01: Quick Start¶

Overview¶

Phase: Foundation Difficulty: Beginner Duration: 10 min

Learn quick start for LLM inference on Kaggle dual Tesla T4 GPUs.

Learning Objectives¶

✅ Verify Kaggle dual T4 environment
✅ Install llamatelemetry v0.1.0
✅ Download and load a GGUF model
✅ Start llama-server
✅ Run first inference
✅ Use streaming responses

Topics Covered¶

📚 Basic inference
📚 Model loading
📚 First steps

Prerequisites¶

llamatelemetry v0.1.0 installed
Kaggle dual Tesla T4 environment (30GB VRAM)
Basic Python knowledge

Quick Start¶

# Install llamatelemetry
!pip install -q --no-cache-dir git+https://github.com/llamatelemetry/llamatelemetry.git@v0.1.0

# Verify GPU environment
!nvidia-smi --query-gpu=index,name,memory.total --format=csv

Key Concepts¶

Server Configuration¶

llamatelemetry uses llama.cpp's llama-server for high-performance GGUF model inference.

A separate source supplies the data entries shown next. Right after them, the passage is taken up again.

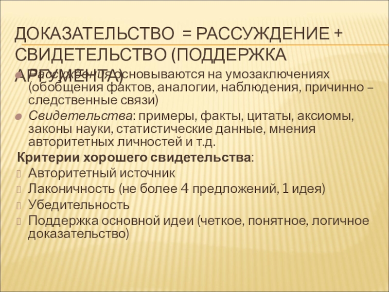 ДОКАЗАТЕЛЬСТВО = Рассуждение + Свидетельство (поддержка аргумента)
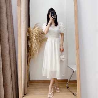 ( Ảnh thật ) 16201 Váy chun ngực tay bồng
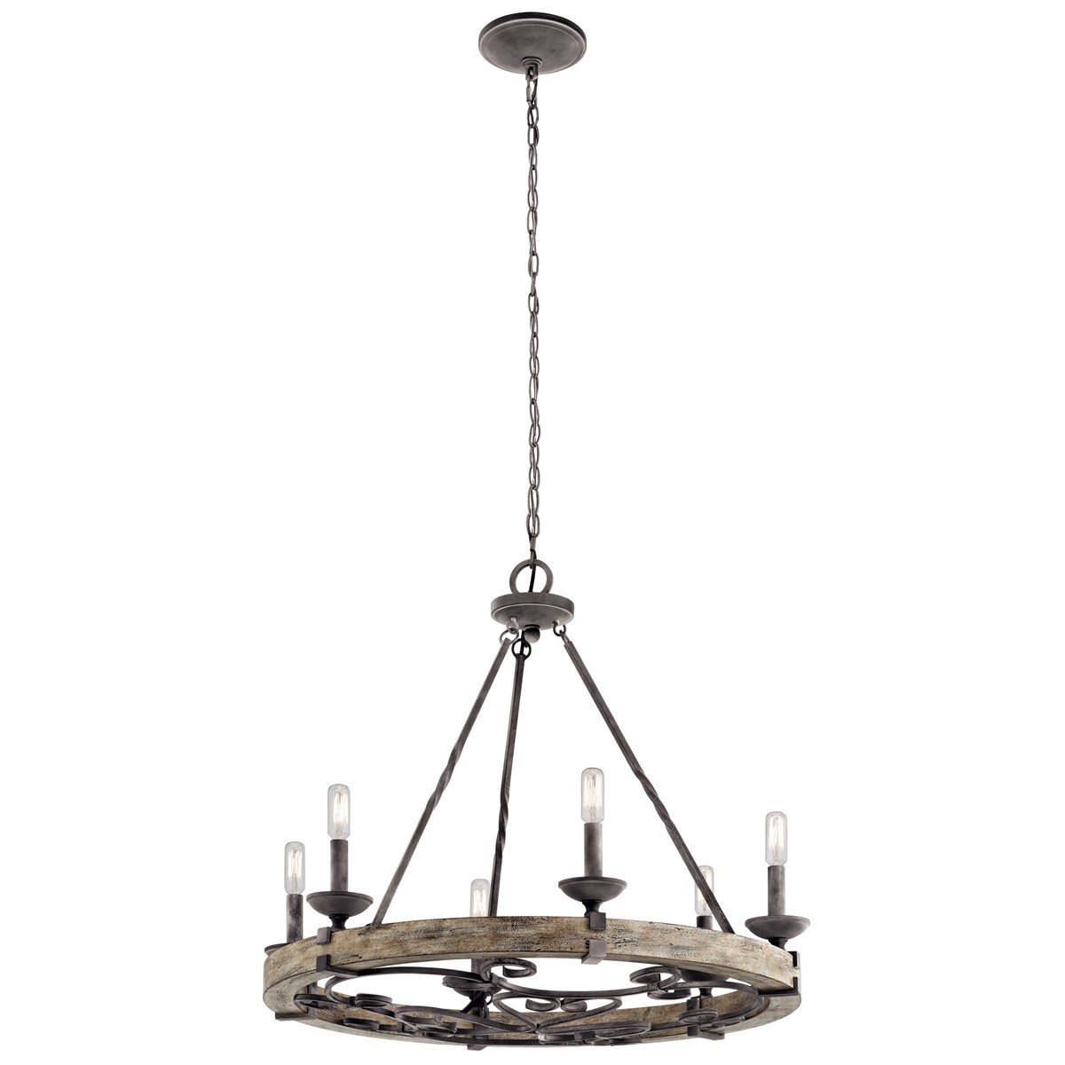 The Lodge inspired style of this 6 light chandelier from the Taulbee collection features an elegant, timeless design with Weathered Zinc detailing coupled with Weathered Grey Wood veneer accents.
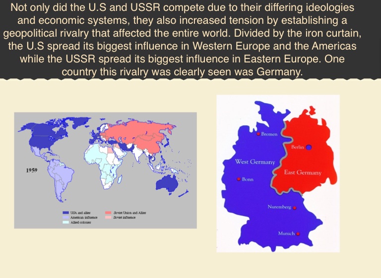 Not only did the U.S and USSR compete due to their differing ideologies and economic systems, they also increased tension by establishing a geopolitical rivalry that affected the entire world. Divided by the iron curtain, the U.S spread its biggest influence in Western Europe and the Americas while the USSR spread its biggest influence in Eastern Europe. One country this rivalry was clearly seen was Germany.
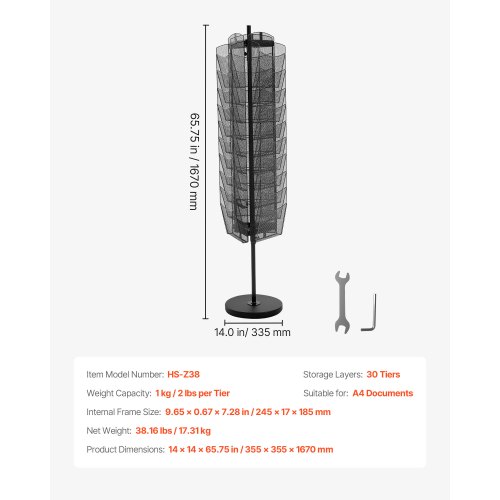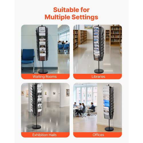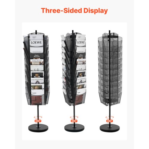 VEVOR Rotating Brochure Display Rack, 30 Pockets Mesh Magazine Literature Display Stand, Portable Floor Standing Magazine Rack, Metal Newspaper Catalog Holders for Shop Exhibitions Office Trade Show

from llamatelemetry.server import ServerManager

server = ServerManager()
server.start_server(
    model_path=model_path,
    gpu_layers=99,
    ctx_size=4096,
    tensor_split="0.5,0.5"  # Dual GPU split
)

Step-by-Step Guide¶

Step 1: Environment Setup¶

Verify your Kaggle environment has dual Tesla T4 GPUs.

Step 2: Installation¶

Install llamatelemetry v0.1.0 with all dependencies.

Step 3: Configuration¶

Configure the server for optimal performance on Kaggle T4.

Step 4: Implementation¶

Implement the tutorial objectives step by step.

Step 5: Verification¶

Test and verify the implementation works correctly.

Expected Output¶

After completing this tutorial, you should be able to:

✅ Verify Kaggle dual T4 environment
✅ Install llamatelemetry v0.1.0
✅ Download and load a GGUF model
✅ Start llama-server
✅ Run first inference
✅ Use streaming responses

Common Issues¶

Issue: Server Fails to Start¶

Solution: Check GPU memory and ensure no other processes are using the GPUs.

nvidia-smi

Issue: Out of Memory¶

Solution: Reduce context size or use lower quantization.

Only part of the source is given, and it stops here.